◆ **Exercise**: In the entries that follow, the lines from the one with "Urban nightscape in" through the one with "Shirt Kaschmir mit Spitze" are the ones to write out, exactly and with both ends included. Nothing else should appear.
(Available data Opens)
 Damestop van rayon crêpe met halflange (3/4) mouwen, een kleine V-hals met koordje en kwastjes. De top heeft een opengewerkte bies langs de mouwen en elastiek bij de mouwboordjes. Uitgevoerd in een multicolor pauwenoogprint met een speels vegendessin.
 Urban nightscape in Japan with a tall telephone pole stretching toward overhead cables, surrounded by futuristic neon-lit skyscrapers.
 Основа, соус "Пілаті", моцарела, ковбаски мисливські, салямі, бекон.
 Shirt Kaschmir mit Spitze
(Available data Closes)
(Available data Opens)
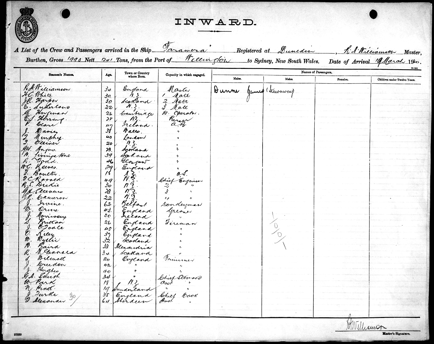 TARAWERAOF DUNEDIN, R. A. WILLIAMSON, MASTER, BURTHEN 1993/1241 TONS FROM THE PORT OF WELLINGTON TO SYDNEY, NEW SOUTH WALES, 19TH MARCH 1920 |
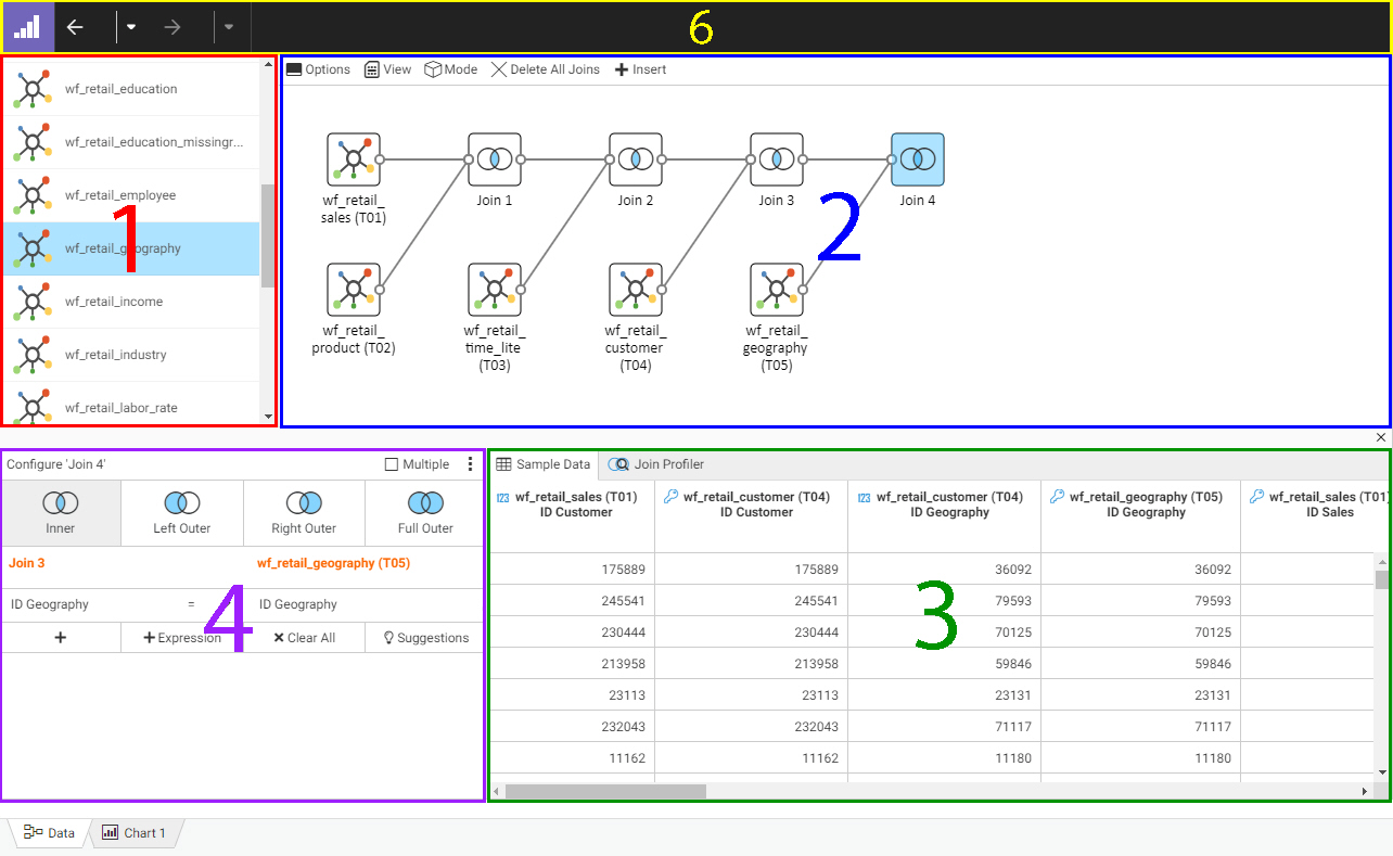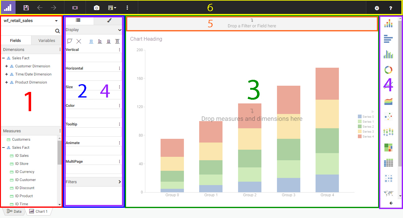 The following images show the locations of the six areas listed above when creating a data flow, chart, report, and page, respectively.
(Available data Closes)
(Available data Opens)
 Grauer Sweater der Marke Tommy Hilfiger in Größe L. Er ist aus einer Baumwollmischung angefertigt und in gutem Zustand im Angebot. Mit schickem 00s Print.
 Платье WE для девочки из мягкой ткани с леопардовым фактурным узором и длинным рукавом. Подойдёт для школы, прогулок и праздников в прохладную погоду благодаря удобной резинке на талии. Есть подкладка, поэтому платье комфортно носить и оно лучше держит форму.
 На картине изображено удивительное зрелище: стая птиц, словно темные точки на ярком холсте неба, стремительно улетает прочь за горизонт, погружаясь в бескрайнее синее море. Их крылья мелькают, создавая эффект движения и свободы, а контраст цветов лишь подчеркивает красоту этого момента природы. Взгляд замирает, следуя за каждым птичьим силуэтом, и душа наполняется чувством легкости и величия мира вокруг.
(Available data Closes)
◆ **Expected answer**:
 Urban nightscape in Japan with a tall telephone pole stretching toward overhead cables, surrounded by futuristic neon-lit skyscrapers.
 Основа, соус "Пілаті", моцарела, ковбаски мисливські, салямі, бекон.
 Shirt Kaschmir mit Spitze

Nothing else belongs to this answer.